Download the update here: HERE

Incompatibility between Windows 8 roaming user profiles and roaming profiles in other versions of Windows

Roaming user profiles on Windows 8-based or Windows Server 2012-based computers are incompatible with roaming user profiles in other versions of Windows.
Profiles are compatible only between the following client and server operating system pairs: 

  • Windows 8.1 and Windows Server 2012 R2
  • Windows 8 and Windows Server 2012 
  • Windows 7 and Windows Server 2008 R2
  • Windows Vista and Windows Server 2008 

Note In this article, when the client operating system is referenced, the same issue applies to its corollary server operating system.
For example, if you try to deploy Windows 8 in an environment that uses roaming, mandatory, super-mandatory, or domain default profiles in Windows 7, you experience the following:

  • After you use a user account that has an existing Windows 7 profile to log on to a Windows 8-based computer for the first time, the components from Windows 8 read and modify the profile state.
  • Certain Windows 8.1 features may not work as expected because the expected profile state is not present.
  • When you try to use the same user account to log on to a Windows 7-based computer, the user profile modification that was performed in Windows 8 may not work as expected in Windows 7.

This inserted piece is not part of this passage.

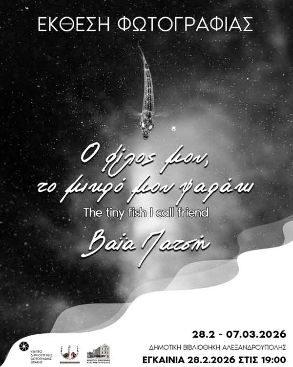 Το Κέντρο Δημιουργικής Φωτογραφίας Θράκης σας προσκαλεί με ιδιαίτερη χαρά στα εγκαίνια της έκθεσης φωτογραφίας «Ο φίλος μου, το μικρό μου ψαράκι», μιας τρυφερής και ποιητικής ενότητας εικόνων που αναδεικνύουν τη μαγεία του φυσικού κόσμου μέσα από τη ματιά της δημιουργού.

The issues occur because the profile will contain values that are used differently between the versions of Windows. The user profile will be missing default profile configuration information that is expected by the operating system, and could contain unexpected values that are set by a different operating system version. Therefore, the operating system will not behave as expected. Additionally, profile corruption may occur.